中国在汉唐时代,那是地球上第一帝国,进取性和扩张性很强。西汉名将陈汤在给汉元帝的上疏中写道:明犯强汉者,虽远必诛。意思是说:让进犯我强大汉朝的人明白,即便地处偏远,也一定要讨伐。这很能代表那个伟大时代中国人的豪气和自信。但是,从宋朝开始,中国人的外向攻击能力就大幅度下降,开始向外战外行,内战内行的方向发展。有人读到这里,也许会大嚷起来,不对呀,成吉思汗都发兵打到欧洲去了。到了元朝正式建立后,奇怪了,蒙古铁骑好像一下子就萎缩了,不再有先祖的威风。明朝就更不行了,自永乐之后,基本是被动防御,偶尔在自家地盘上打一下防守反击获得成功的,就成了名将,像于谦、戚继光、袁崇焕。但这样的人很招人恨,为什么?因为大家都窝囊,凭什么你这么威风呀?于是各方都来算计,结果于谦、袁崇焕下场都很惨,戚继光有张居正护着,倒是得意了很久,但张居正一死,马上遭到排挤。在这种大环境下,能外战的人也不想费那份劲,干脆窝里斗得了。清朝在乾隆之后就更别提了,八个国家的老外居然约齐了打进京城来,在世界上那是丢人丢大了。中华民国建立后,风气正了许多,有志气的军人都有种想洗刷国耻的强烈愿望,梦想着有一天能战胜外国人。汉唐时的那份豪气又逐渐回来了。但是,有的军人没能实现这个梦想,带着遗憾先走了,比如蔡锷。抗日战争爆发后,一大批军人倒是等到了这个机会,英勇无畏地投入战斗,不少人都因此名垂青史,像薛岳、张自忠、吉鸿昌、马占山、马本斋、杨得志等人。但这些人是在自家地盘上打防守反击。只有少数人走出国门,在异域他乡跟日寇做生死搏斗。虽然都是抗日,但后一种抗日无疑更痛快、更解气,因为不用殃及自家的土地和人民。这就好像别人找你打架,如果在自己屋里打,就算赢了,自家的坛坛罐罐总会打烂一些,未免有些不爽。如果是在屋外的地方打,那就没什么顾虑,可以放开手来打,打个痛快。廖耀湘是个喜欢打痛快仗的人,因为历史的垂青,他成为了少数扬威异域的中国军人之一。

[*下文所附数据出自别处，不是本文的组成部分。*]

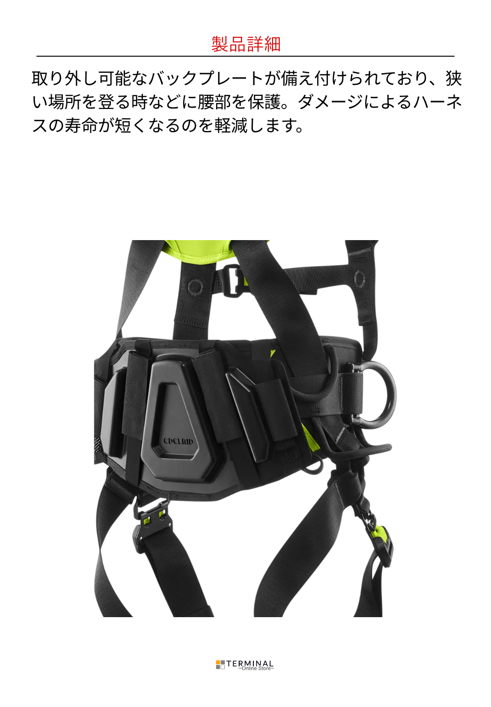 ●取り外し可能なバックプレートが備え付けられており、狭い場所を登る時などに腰部の保護力を

一九四二年初,第五军、第六军、第六十六军组成中国远征军,开赴印度、缅甸战场。蒋介石之所以做出这个决定,一是因为中国东南沿海地区已经被日寇侵占,那边海路受阻,滇缅公路就成了中国唯一的国际交通运输线。二是一旦日本攻占印、缅,不但切断了中国的外援,而且立刻可以从云南打进来,直逼重庆,与东南、华北的日军形成三面夹击之势,那局势就非常危险。正因为这次远征意义重大,所以蒋介石不月惜派出自己的精锐部队。但统治印度、缅甸的英国人却并不欢迎中国军队的到来。为什么?看不起中国人啊。觉得你还是晚清时期那水平,来添什么乱喽?蒋介石同样看不起对方,觉得英国军队在香港不战而降,在东南亚节节败退,与强国地位太不相称了。互相瞧不起的双方,最终还是合作了,这是因为日本攻入缅甸后,英国人手忙脚乱,穷于应付,而蒋介石为了中国的利益,也不能坐视不管。部队出发前,他给杜聿明、廖耀湘等人都打了预防针,要他们对英国人小心点。廖耀湘也明白此行艰难,但他是“宝牯佬”性格,“明知山有虎,偏向虎山行”,以他那特有的洪亮声音向委员长保证:一定会好好打,打出中国军人的威风。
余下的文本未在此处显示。